Mechanism of the synergistic antiviral and cytostatic activity of (RS)-3-(adenin-9-yl)-2-hydroxypropanoic acid isobutyl ester and D,L-homocysteine

In a previous report (De Clercq E, Cools M and Balzarini J, Biochem Pharmacol 38: 1771-1778, 1989) we showed that homocysteine (Hcy) enhanced the antiviral and cytostatic activity of S-adenosylhomocysteine (AdoHcy) hydrolase inhibitors. The mechanism of synergistic action between Hcy and the isobutyl ester of (RS)-3-(adenin-9-yl)-2-hydroxypropanoic acid [(RS)-AHPA] has been the subject of the present study.
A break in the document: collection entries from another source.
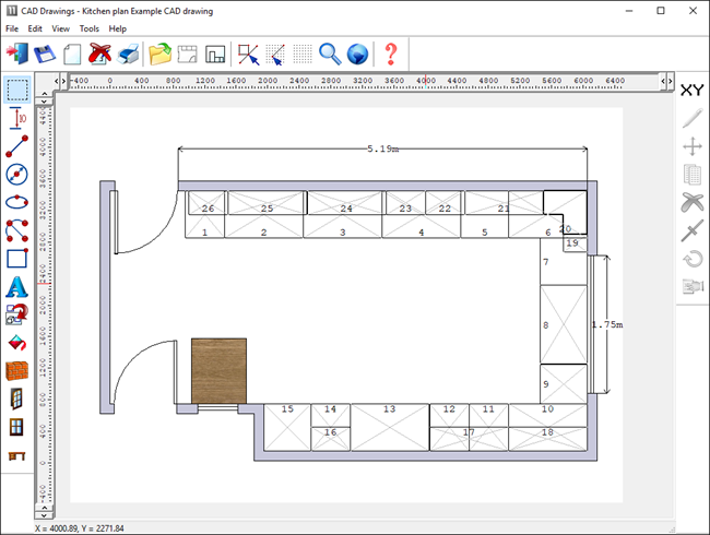 - Drawing tools are provided so that you can quickly create walls and position doors and windows.
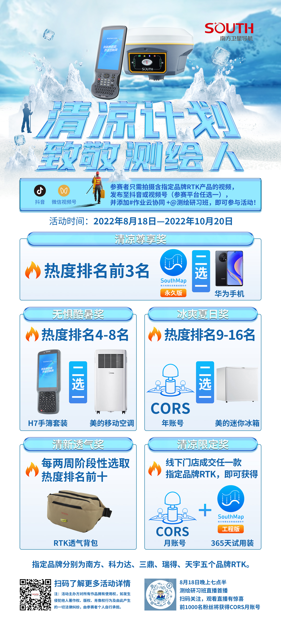 參賽者只需拍攝指定品牌產(chǎn)品的視頻,發(fā)布至抖音或視頻號(hào)(參賽平臺(tái)任選一),并添加 #作業(yè)云協(xié)同 +@測(cè)繪研習(xí)班,即可參與活動(dòng)!1.本次活動(dòng)熱度將根據(jù)視頻點(diǎn)贊數(shù)數(shù)量評(píng)估,熱度排名由抖音和微信視頻號(hào)兩大平臺(tái)參賽視頻匯總排名,清涼尊享獎(jiǎng)、無(wú)懼酷暑獎(jiǎng)、冰爽夏日獎(jiǎng)三個(gè)獎(jiǎng)項(xiàng)為活動(dòng)總熱度排名,清新透氣獎(jiǎng)為每?jī)芍茈A段性熱度排名;2.所有獎(jiǎng)項(xiàng)除清新透氣獎(jiǎng)外,同一參賽者只可獲得單項(xiàng)獎(jiǎng),如參賽者投稿多個(gè)視頻,只以點(diǎn)贊數(shù)最高的單條視頻為準(zhǔn)(同一注冊(cè)賬號(hào)/電話/地址/郵箱等均視為同一參賽者);3.參賽者拍攝作品需為原創(chuàng),出鏡產(chǎn)品為南方、科力達(dá)、三鼎、瑞得、天宇五個(gè)指定品牌,視頻時(shí)長(zhǎng)不限,展現(xiàn)測(cè)繪日常、測(cè)繪場(chǎng)景、測(cè)繪人樂(lè)觀向上的精神面貌等;4.每?jī)芍茉趶V州南方衛(wèi)星導(dǎo)航公眾號(hào)推文及測(cè)繪研習(xí)班抖音直播間公布清新透氣獎(jiǎng),參賽者請(qǐng)密切關(guān)注,獲獎(jiǎng)的參賽者可通過(guò)添加客服微信(SOUTHKEFU)領(lǐng)取獎(jiǎng)品;5.活動(dòng)嚴(yán)禁“刷贊”等弄虛作假行為,一經(jīng)發(fā)現(xiàn)查實(shí),將取消活動(dòng)參與資格;6.8月18日前,帶#南方云協(xié)同+@測(cè)繪研習(xí)班的參賽作品可參與活動(dòng)熱度排名,自8月19號(hào)起,參賽以添加#作業(yè)云協(xié)同+@測(cè)繪研習(xí)班為準(zhǔn),否則視為無(wú)效作品;7.活動(dòng)主辦方對(duì)所有作品擁有使用權(quán),如發(fā)生侵犯他人著作權(quán)、版權(quán)、肖像權(quán)行為及由此產(chǎn)生的一切法律糾紛,由參賽者個(gè)人自行承擔(dān)。
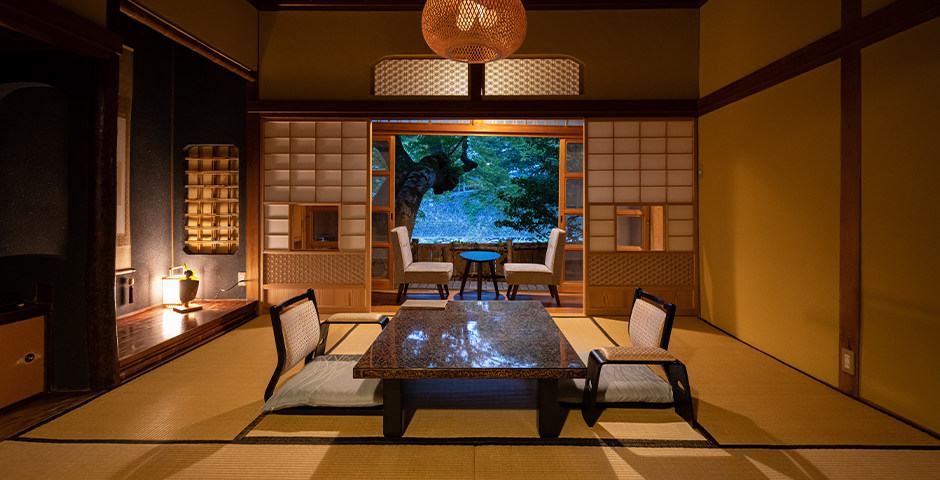 夜になると水面に灯りが映り、歩くだけで心がほどけるような雰囲気に包まれます。館内は蔵を活かした空間や落ち着いた和室が中心で、静かに過ごしたい人に合うしつらえです。
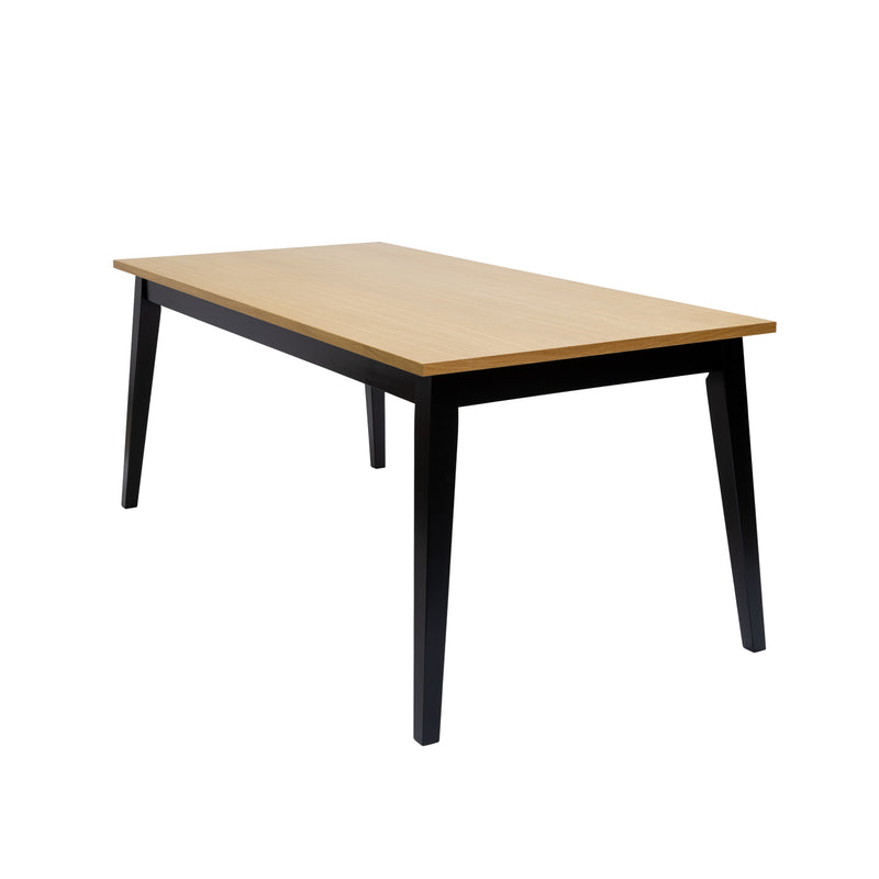 Pöydän 180 x 90 cm tammiviilukansi tarjoaa reilusti tilaa perheen yhteisille aterioille, työskentelyyn tai illanistujaisiin ystävien kanssa. Tammenvärinen viilu korostaa puun luonnollista syykuviota ja tekee pinnasta helposti yhdisteltävän erilaisten tuolien ja sisustustyylien kanssa.
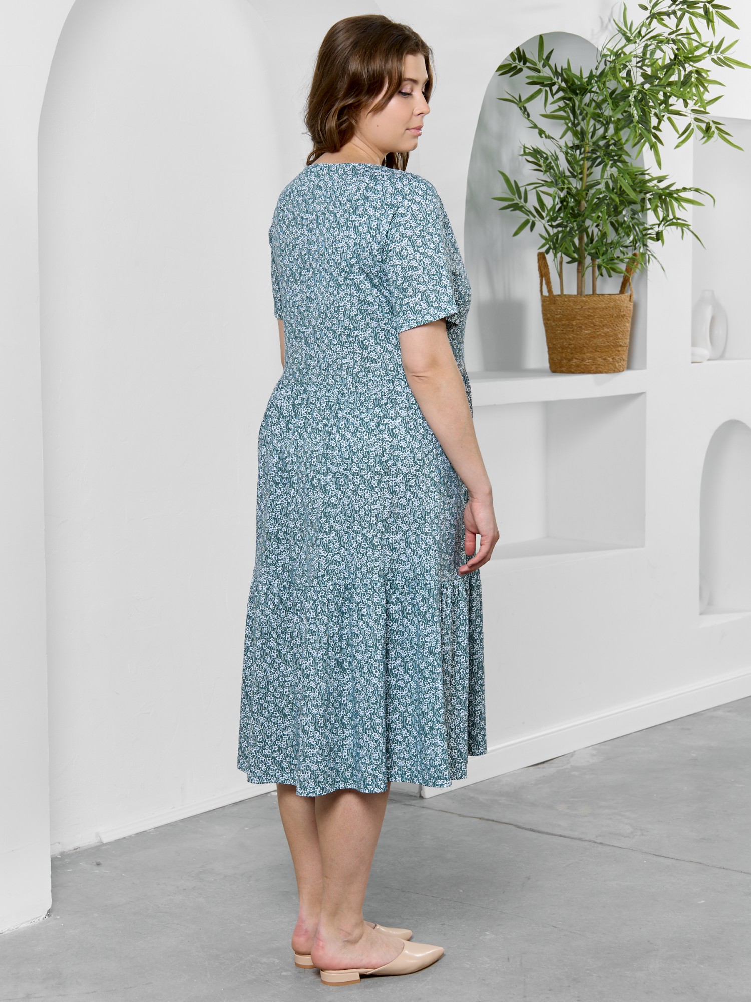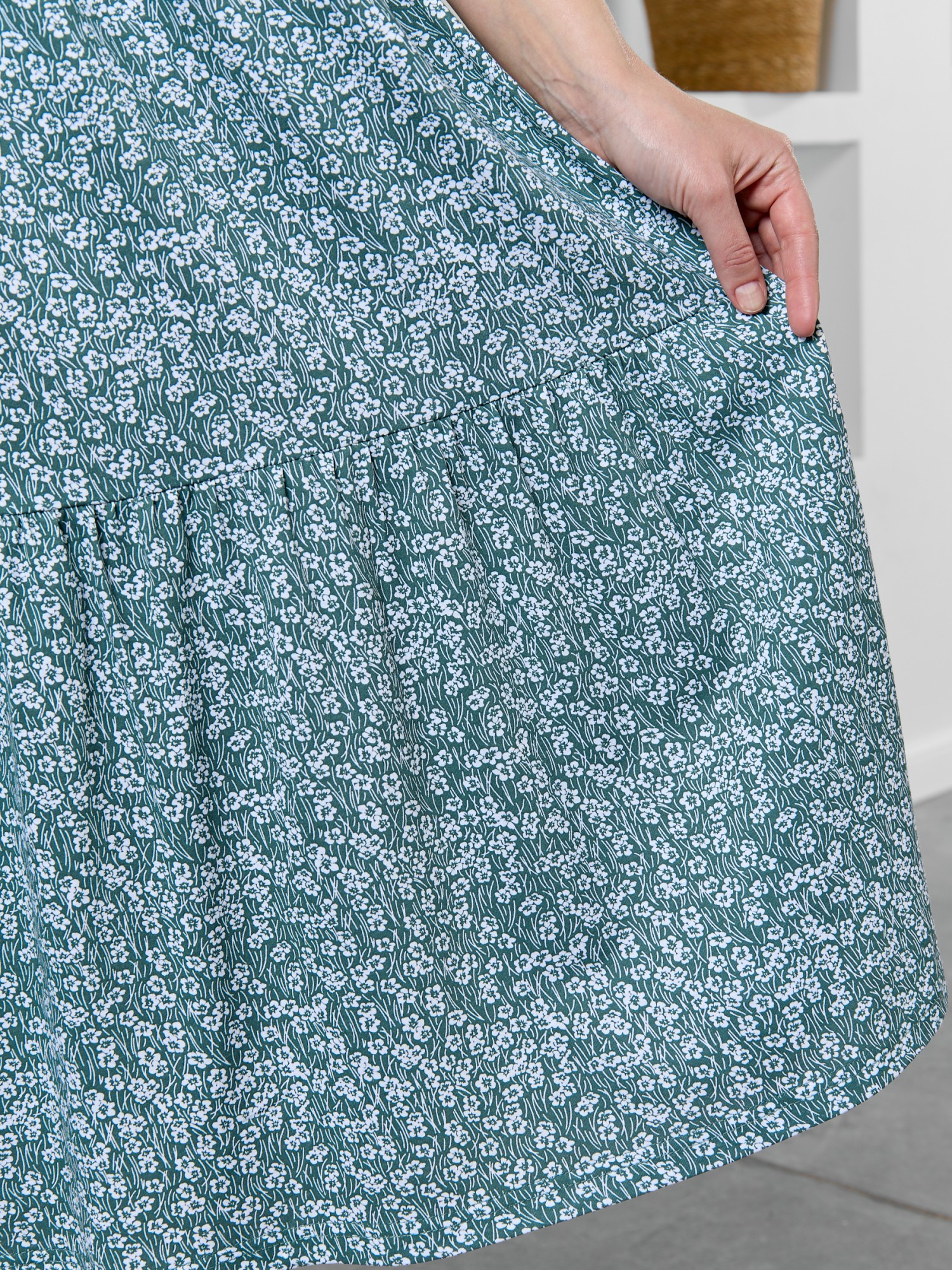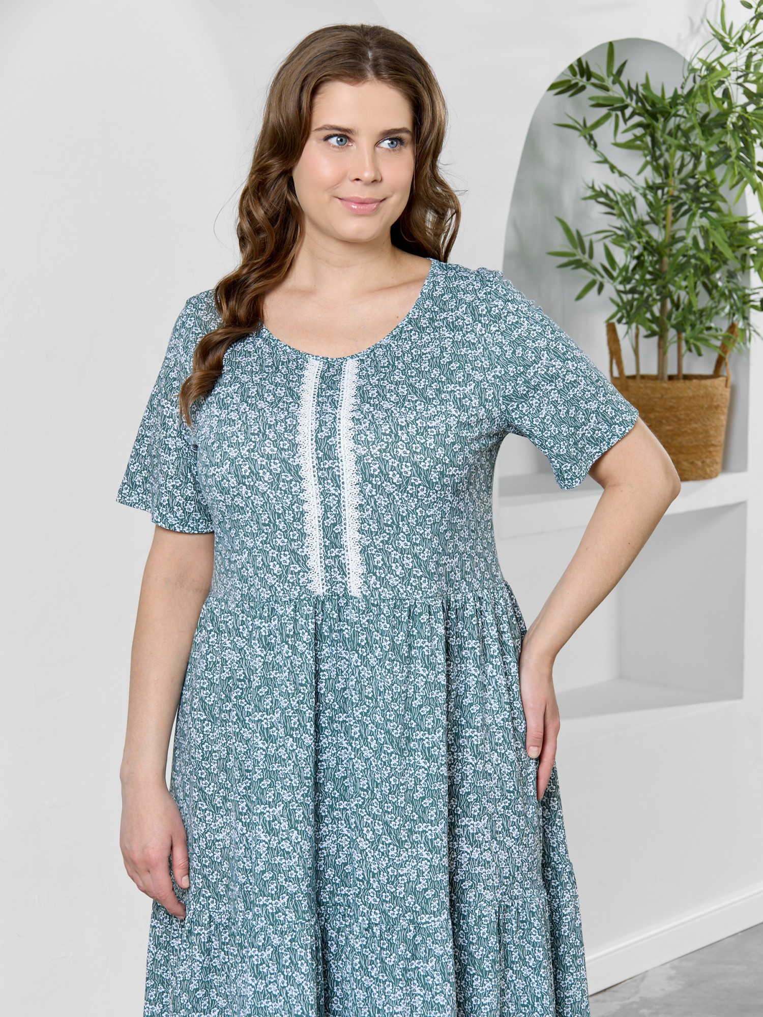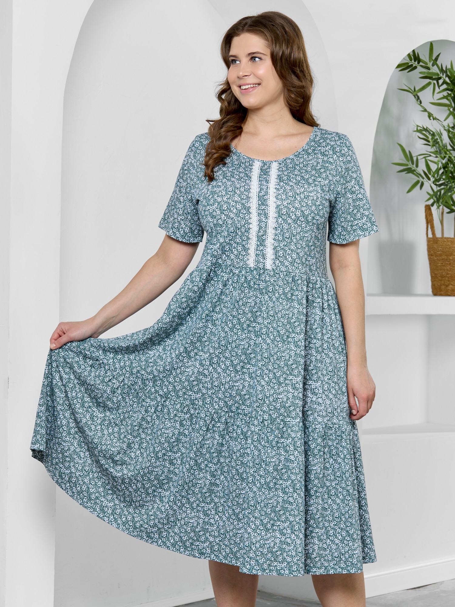 Платье женское из трикотажного полотна "кулирка" с набивным рисунком, свободного кроя, отрезное по линии талии, с короткими втачными рукавами, горловиной овальной формы окантованной основным материалом. По центру полочки двумя параллельными линиями настрочено декоративное кружево контрастного цвета. Юбка – из двух ярусов, каждый из которых присборен по шву соединения с верхней деталью.

The selectivity index of (RS)-AHPA against vaccinia virus in murine L929 cells was significantly increased if the drug was combined with 1 or 3 mM Hcy. Even if Hcy was added as late as 12 hr after (RS)-AHPA, a synergistic antiviral activity was noted. Treatment of the L929 cells with (RS)-AHPA caused a significant increase in AdoHcy levels, and these levels were further increased if, in addition to (RS)-AHPA, Hcy (1 mM) was added to the cell cultures. Double-pulse label experiments showed that the additional AdoHcy built up after the combined treatment of (RS)-AHPA with Hcy did not originate from S-adenosylmethionine (via transmethylation reactions), but resulted from residual AdoHcy hydrolase activity (in the synthetic direction). To maintain sufficient levels of AdoHcy, AdoHcy hydrolase activity must be inhibited in the hydrolytic direction.